Meantime’s MD Fenner Pearson addressed a gathering of air industry senior managers and directors at the Airport IT conference in Barcelona in November.

His speech tackled the ever-present issue of crisis management and incident response, and the effective and efficient deployment of staff in an emergency. It was greeted with interest by the audience, who included representatives from global airport groups including Los Angeles, Dubai, Abu Dhabi and Copenhagen.

"We’ve developed many systems for UK airport groups, including Heathrow, but I felt it was important to discuss how our systems are able to help effectively deal with crisis management,” says Fenner. “It’s something that every airport faces and can’t be avoided - but disruption can be minimised with the correct management."

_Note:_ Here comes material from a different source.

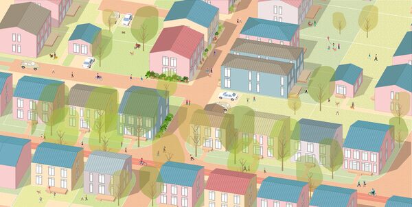 Renderings of the 'subdivillage' by Smart Density. The concept was one of six winners of the Ontario Association of Architects SHIFT 2025 Challenge, Reshaping Communities, that asked firms to reimagine the built environment and address challenges like climate change, housing, and social shifts.Smart Density

Meantime’s software allows airports to instantly deploy non-operational staff to areas of the airport where they’re most needed, allowing operations managers to direct staff with specific skills such as languages and cultural knowledge to terminals where they’ll be able to provide the most assistance. The central management system allows bosses to alert staff within seconds via smartphones and tablets, and send them constant updates and instructions. The same devices are used by the staff to provide information to passengers, such as train times, hotels and alternative flights.

It was used to great effect at Heathrow during the London 2012 Olympics, when up to 250,000 passengers passed through the terminals each day, and helped ensure the smooth opening of Heathrow’s T2 in 2014.

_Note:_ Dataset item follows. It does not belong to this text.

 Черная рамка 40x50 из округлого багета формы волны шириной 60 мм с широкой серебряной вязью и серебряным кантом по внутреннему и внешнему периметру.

"The system can be programmed to the airport’s own specifications, so they can add in their own priorities when it comes to selecting which staff to send where,” explains Fenner. “We currently support systems for clients who allocate reserve staff on their level of security clearance, whether they’re a member of an emergency incident response team, or whether they’re able to administer emergency first aid. There are no limits to the criteria.

"What’s important is that the airport is able to control every element of the deployment and conduct as many trials as they need to, so they can be sure when an incident does arise – whether it’s severe weather, a holiday period or a security issue - trained personnel will be there to help within minutes, or even seconds."